The answers so far have given evidence for dark matter and general relativity. But (this may seem like a bit of strange thought) are we not doing the same as we did with the aether and the aether drag hypothesis? I.e. there is an observation that does not fit with general relativity what we are doing is assuming that general relativity is right and designing 'add on' theories [i.e. dark matter] to make all other observations fit GR. It seems to me that we are just holding onto general relativity because we are 'use to it'. It is like the saying we are 'looking for life as we know it', who says life can't be something completely different (rhetorical question)? This also goes back to Occam's razor, dark matter cannot be explained without making the whole thing more complicated. Another theory of gravity seems like the most simple approach.



Answer



Because General Relativity has an overwhelming amount of experimental evidence to support it. As a result, physicists look for dark matter, which works within GR, rather than to throw the baby out with the bath water, and thereby assume GR is wrong.

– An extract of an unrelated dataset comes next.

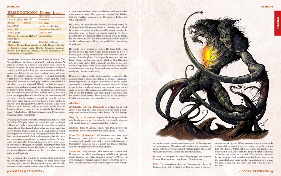 This is the Codex Infernum, a catalog of hundreds of demons and devils. Within these pages you’ll find everything you need to know about arch, greater, lesser and minor devils. With that comes all you’ll need to know about the demon lords, and the major, lesser and minor demons. Hundreds of entries, each depicted in glorious color.

When Albert Einstein introduced the world to GR, he proposed three tests that would support GR. Please keep in mind that at the time, these predictions (except #1 below) had not been previously observed, nor could they have been explained with any previously existing physical theories.



  1. Perihelion Precession of Mercury- Basically, the precession of Mercury's orbit could not be explained by Newtonian gravity or Kepler's Laws of Motion. In fact, people were so hard-pressed to explain this precession that one hypothesis even suggested a previously unobserved planet orbiting between Mercury and the Sun. However, after Einstein developed GR, he showed that the part of Mercury's precession unexplained by other factors could be attributed to the curvature of space-time.

  2. Deflection of Light by the Sun- Einstein proposed that light could be deflected by gravity, due to GR. This was observed in 1919 during a solar eclipse, when the position of stars "near" the sun (I use "near" in regards to their apparent location on the sky's dome, not "near" in space) was shifted slightly, due to the Sun's gravity. Although the original experiment has been criticized, this effect has been reproduced many times since it was originally observed.

  3. Gravitational Red-Shift of Light- In 1959 the Pound-Rebka experiment observed a relative red-shift of light between two different light sources, due to gravitational effects of the Earth.


Each of those tests has individual Wikipedia pages, linked to under the first link I included above. Additionally, there are a number of more modern tests of GR, not limited to just the three I described above.